● **TASK ITEM**:
Include in the reply only the lines from the start of the data below through the line containing "45mm coin capsule", reproduced exactly and with no pictures.

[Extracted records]
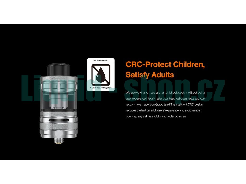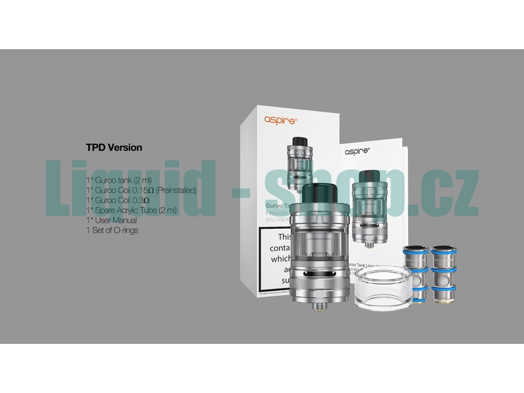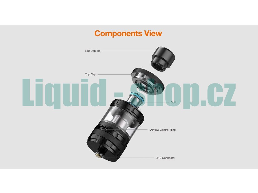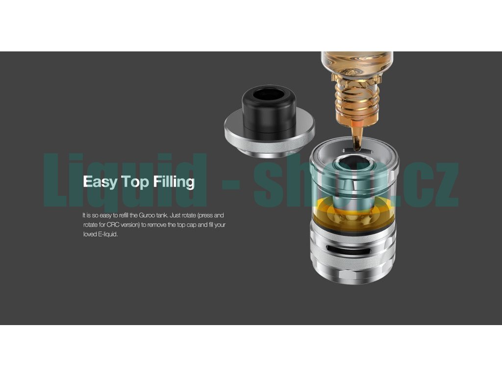 Výkonný DL Clearomizér s inovativní rychlou výměnou žhavící hlavy (Attach-Pull-Release) a objemu 4ml (možnost rozšířit až na 5ml) s horním plněním. Závit 510, regulace přívodu vzduchu (Airflow), dětská pojistka. 2x žhavící hlava Aspire Guroo v SETU.
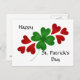 A post card for St. Patrick's Day or any day with a green four leaf clover and red hearts. This could make a cute little welcoming sign if framed, next to the front door.
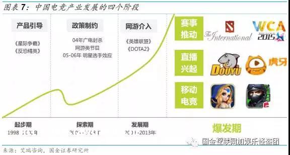 我们认为,电竞赛事经历了起步期、发展期、深化期和爆发期四个过程,在移动电竞爆发之后,第三方和**方赛事都将迎来长足的发展。第三方和**方并不矛盾,不存在谁打败谁的问题。
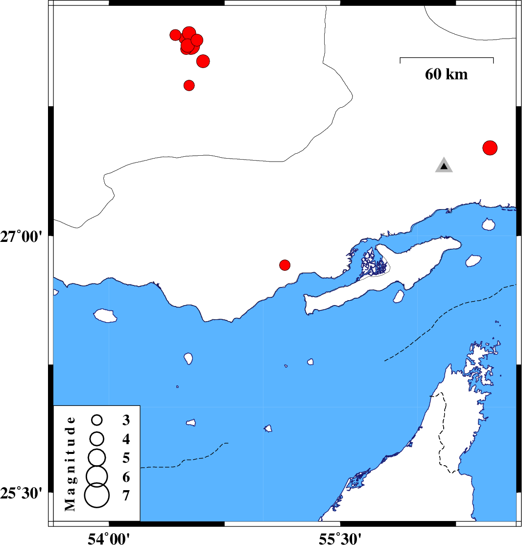 | 2011/11/05 | 07:45:44.5 | 11:15:44.5 | 26.83 | 55.14 | 40 | ML3.1 | Hormozgan Province, 44 km North-East of Bandar-e lengeh | ||
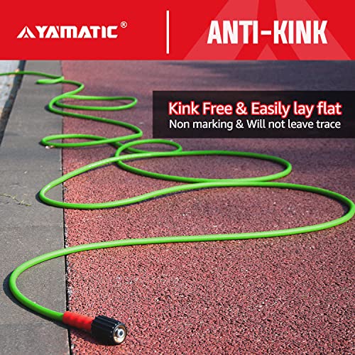 YAMATIC Super Flexible Pressure Washer Hose 50FT for Power Washer Replacement, Kink Resistant Extension With Leak-Free M22 Female & 3/8″ Quick Connect Adapters, 1/4″ 3200 PSI, Green
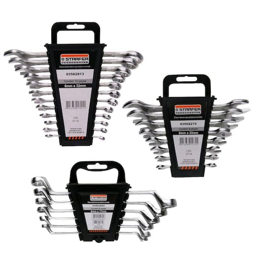 Jogo de chave combinada Starfer com 12 peças, indicada para aperto e desaperto de porcas, parafusos quadrados e sextavados.
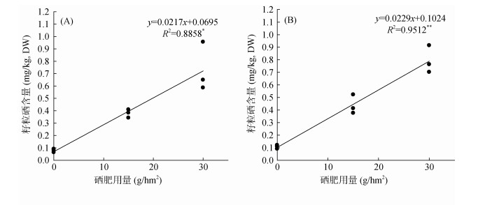 (A. 亚硒酸钠;B. 腐植酸+亚硒酸钠;*、**分别表示相关性达P < 0.05和P < 0.01显著水平) 图 3 水稻籽粒硒含量和硒肥施用量之间的相关性 Fig. 3 Correlations between Se content in rice grains and application dosage of Se fertilizers |
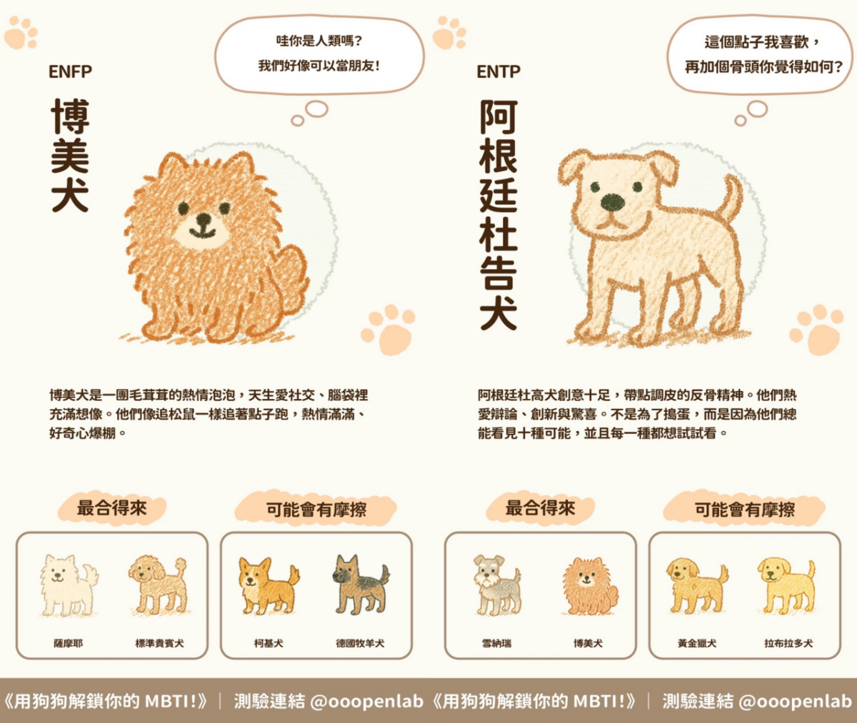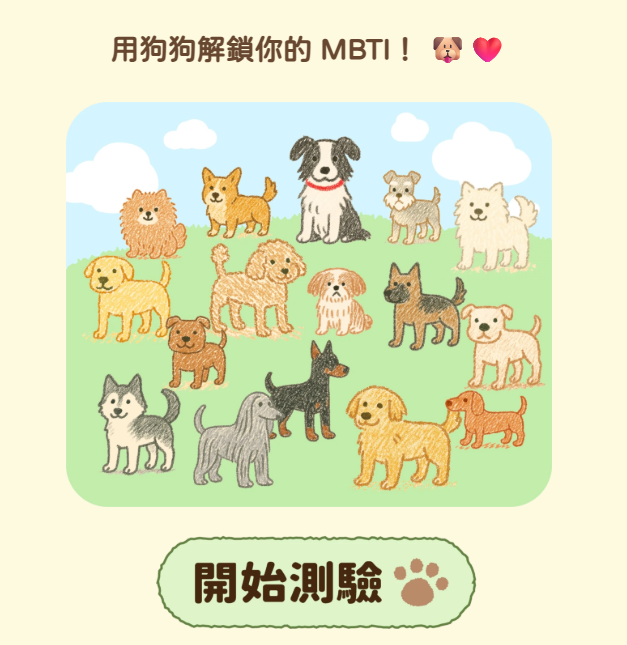 你是否有好奇過,如果您的MBTI人格類型化身為一隻可愛的狗狗,牠會是什麼模樣呢?最近就有一款「用狗狗解鎖你的MBTI」心理測驗開始在社群流行,這款心測驗將MBTI 16型人格與不同犬種的獨特個性巧妙結合,趕快來測測看一起從「汪星人」視角,發現自己與眾不同的性格魅力吧!
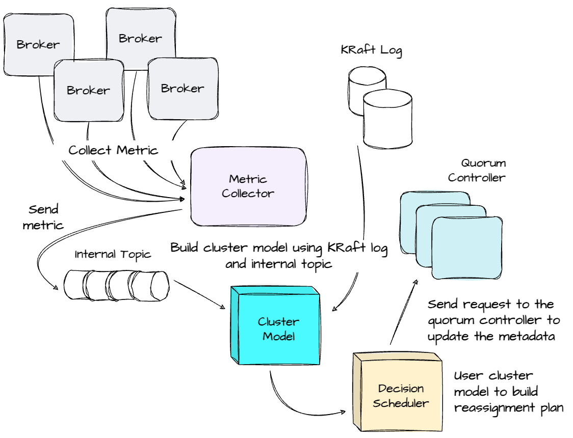 State Manager : On the controller, AutoMQ maintains a ClusterModel representing the cluster’s current state and partition loads. Changes to the cluster, such as broker additions, removals, or partition reassignments and deletions, are managed by monitoring KRaft metadata to update the ClusterModel. Meanwhile, the controller continuously consumes from the internal topic, preprocesses the extracted metrics, and updates the ClusterModel, ensuring it accurately reflects the cluster's current state.
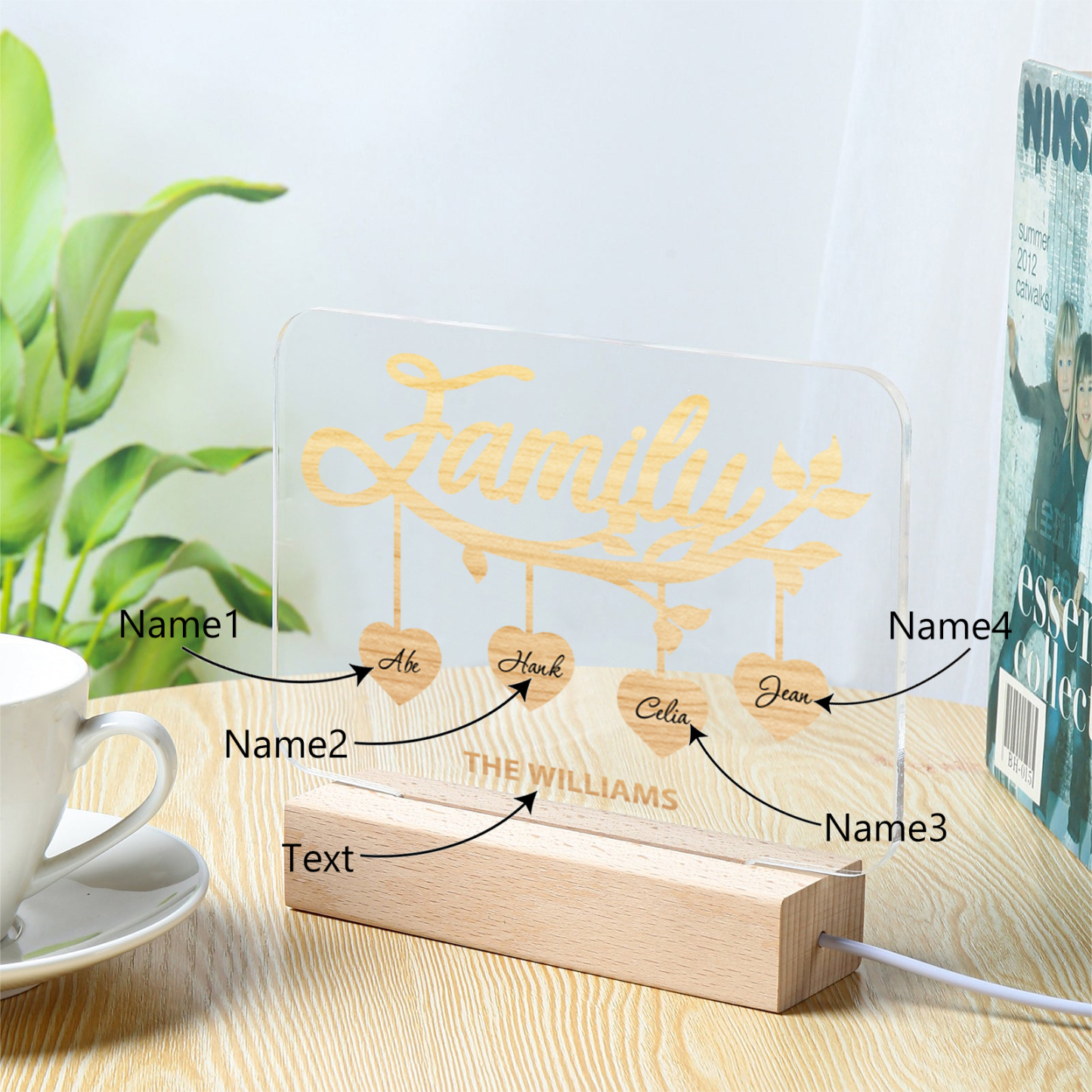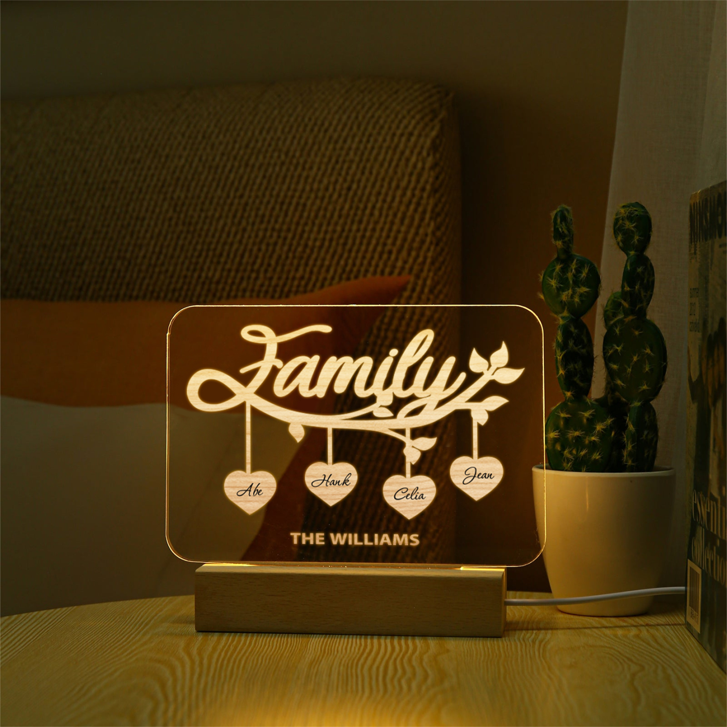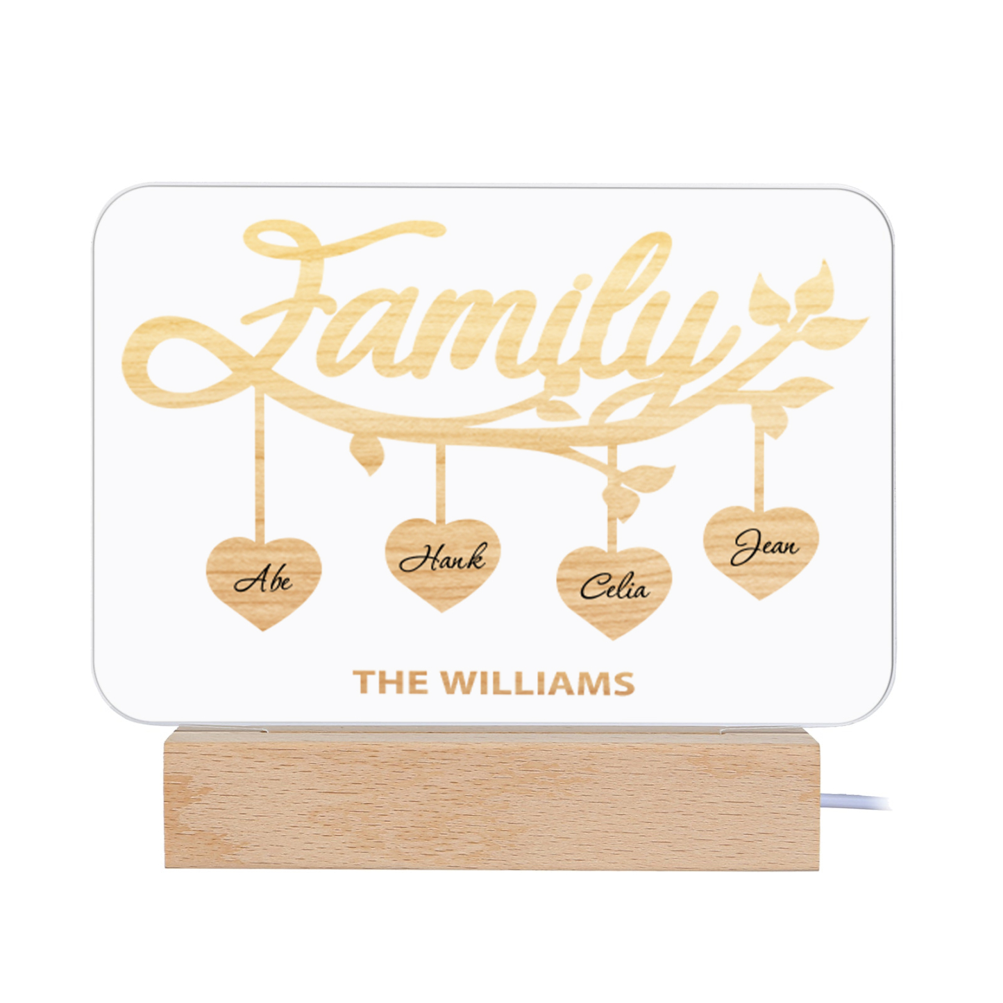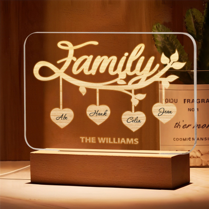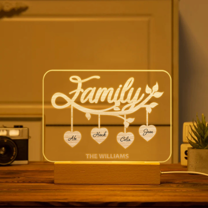 4 Names-Personalized Family Night Light Custom Text LED Lamp Mother's Day Gift For Family
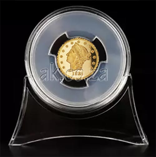 45mm coin capsule with 39mm clear insert and display stand.
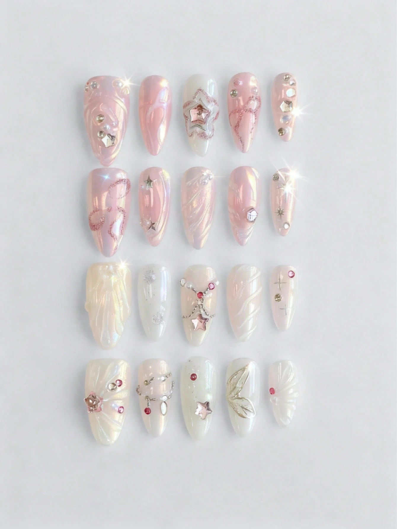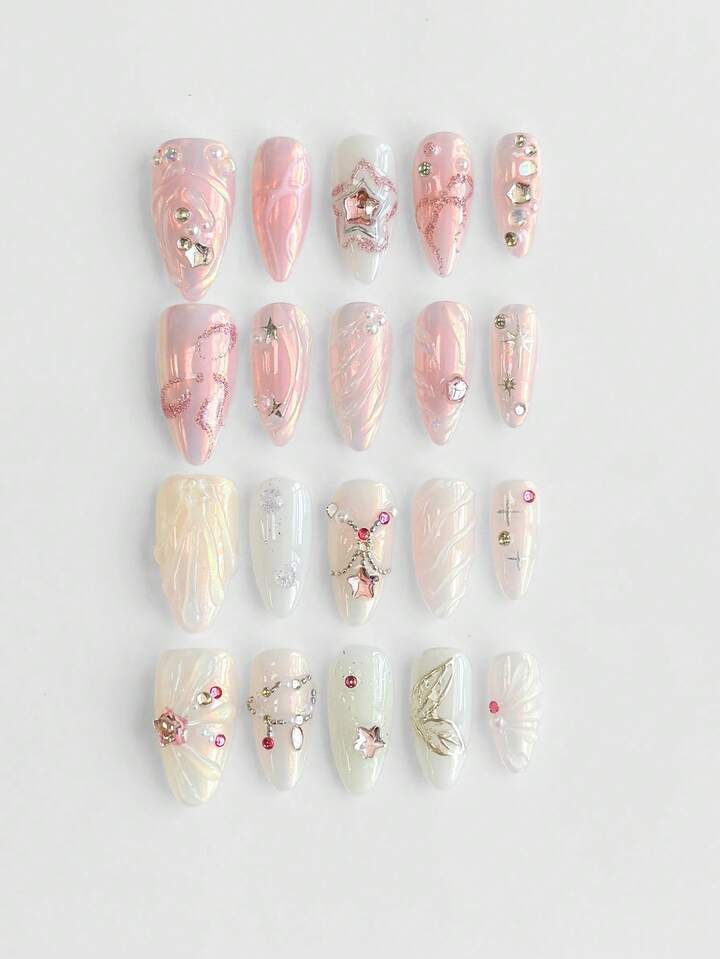 10 piezas de uñas postizas de alta calidad con elementos decorativos hechos a mano como alas, rosas, lazos, notas musicales y estrellas + 3 piezas de adhesivo doble cara, pegatinas de manicura extraíbles con estilo Y2K de cristales, lunares rosas y encaje blanco, adecuadas para vacaciones, fiestas, baile y uso diario
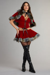 Once upon a glow-up—this Little Red mini skort is giving storybook baddie. Perfect for Halloween costume parties when you want your fairytale with a sultry twist!
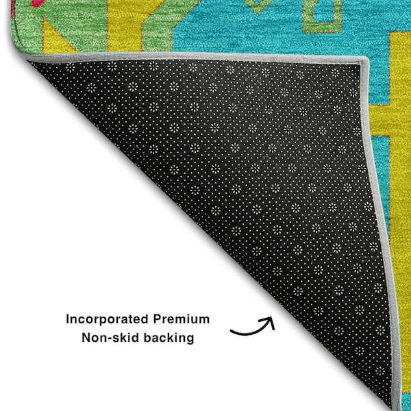 Mayfield Premium Machine Washable Abstract AMF1015 Teal 8 ft. x 8 ft. Round Rug
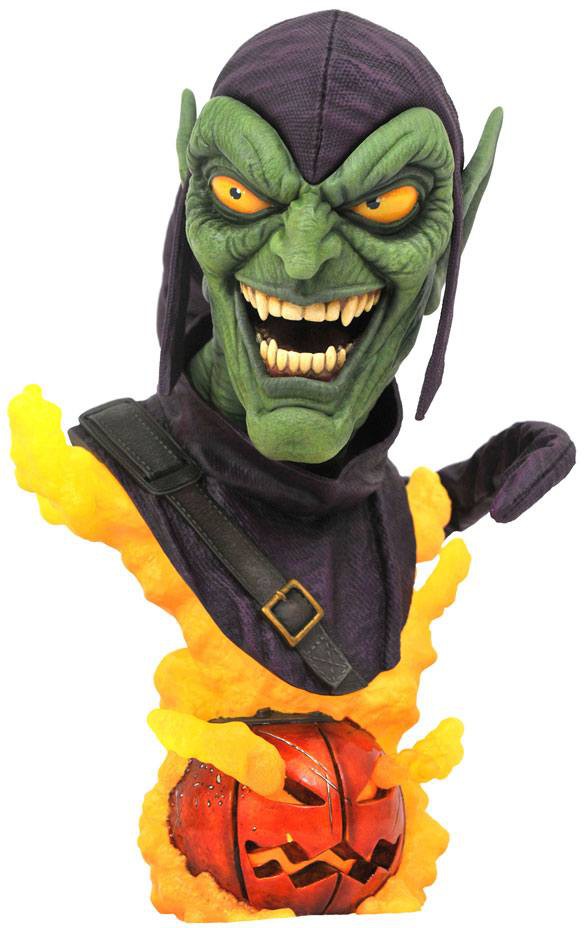 The Green Goblin is now a Legend in 3 Dimensions! The iconic Spider-Man foe gets the 1/2 Scale bust treatment with this all-new sculpture, capturing the grinning villain atop a smoking pumpkin bomb pedestal. Limited to only 1,000 pieces, it comes packaged with a numbered certificate of authenticity in a full-color box. Designed by Joe Allard, sculpted by Alterton!
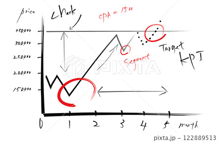 ホワイトボードなどに書く手描きのグラフ webやsns広告のマーケティングイメージ
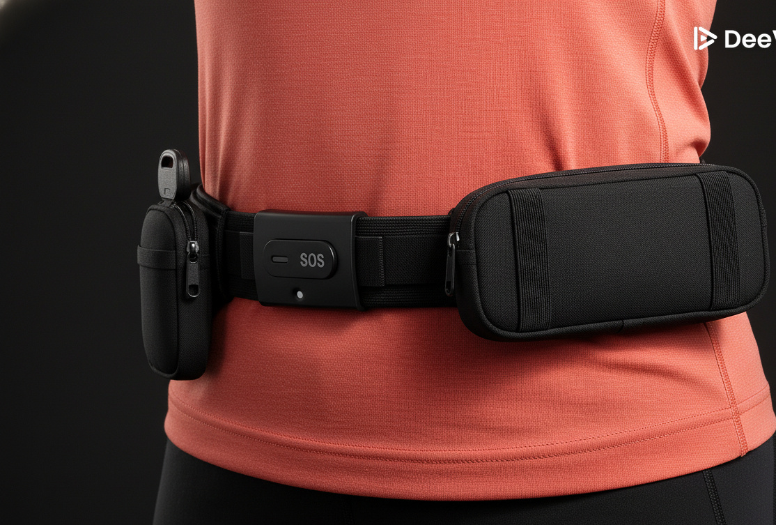 Produit créant un sentiment de sérénité dans la pratique sportive. La ceinture de sport multifonctions permet d'emporter son petit matériel tout en étant équipé d'un système de sécurité intégré :

● **SOLUTION TO THE EXERCISE**:
 Výkonný DL Clearomizér s inovativní rychlou výměnou žhavící hlavy (Attach-Pull-Release) a objemu 4ml (možnost rozšířit až na 5ml) s horním plněním. Závit 510, regulace přívodu vzduchu (Airflow), dětská pojistka. 2x žhavící hlava Aspire Guroo v SETU.
 A post card for St. Patrick's Day or any day with a green four leaf clover and red hearts. This could make a cute little welcoming sign if framed, next to the front door.
 我们认为,电竞赛事经历了起步期、发展期、深化期和爆发期四个过程,在移动电竞爆发之后,第三方和**方赛事都将迎来长足的发展。第三方和**方并不矛盾,不存在谁打败谁的问题。
 | 2011/11/05 | 07:45:44.5 | 11:15:44.5 | 26.83 | 55.14 | 40 | ML3.1 | Hormozgan Province, 44 km North-East of Bandar-e lengeh | ||
 YAMATIC Super Flexible Pressure Washer Hose 50FT for Power Washer Replacement, Kink Resistant Extension With Leak-Free M22 Female & 3/8″ Quick Connect Adapters, 1/4″ 3200 PSI, Green
 Jogo de chave combinada Starfer com 12 peças, indicada para aperto e desaperto de porcas, parafusos quadrados e sextavados.
 (A. 亚硒酸钠;B. 腐植酸+亚硒酸钠;*、**分别表示相关性达P < 0.05和P < 0.01显著水平) 图 3 水稻籽粒硒含量和硒肥施用量之间的相关性 Fig. 3 Correlations between Se content in rice grains and application dosage of Se fertilizers |
 你是否有好奇過,如果您的MBTI人格類型化身為一隻可愛的狗狗,牠會是什麼模樣呢?最近就有一款「用狗狗解鎖你的MBTI」心理測驗開始在社群流行,這款心測驗將MBTI 16型人格與不同犬種的獨特個性巧妙結合,趕快來測測看一起從「汪星人」視角,發現自己與眾不同的性格魅力吧!
 State Manager : On the controller, AutoMQ maintains a ClusterModel representing the cluster’s current state and partition loads. Changes to the cluster, such as broker additions, removals, or partition reassignments and deletions, are managed by monitoring KRaft metadata to update the ClusterModel. Meanwhile, the controller continuously consumes from the internal topic, preprocesses the extracted metrics, and updates the ClusterModel, ensuring it accurately reflects the cluster's current state.
 4 Names-Personalized Family Night Light Custom Text LED Lamp Mother's Day Gift For Family
 45mm coin capsule with 39mm clear insert and display stand.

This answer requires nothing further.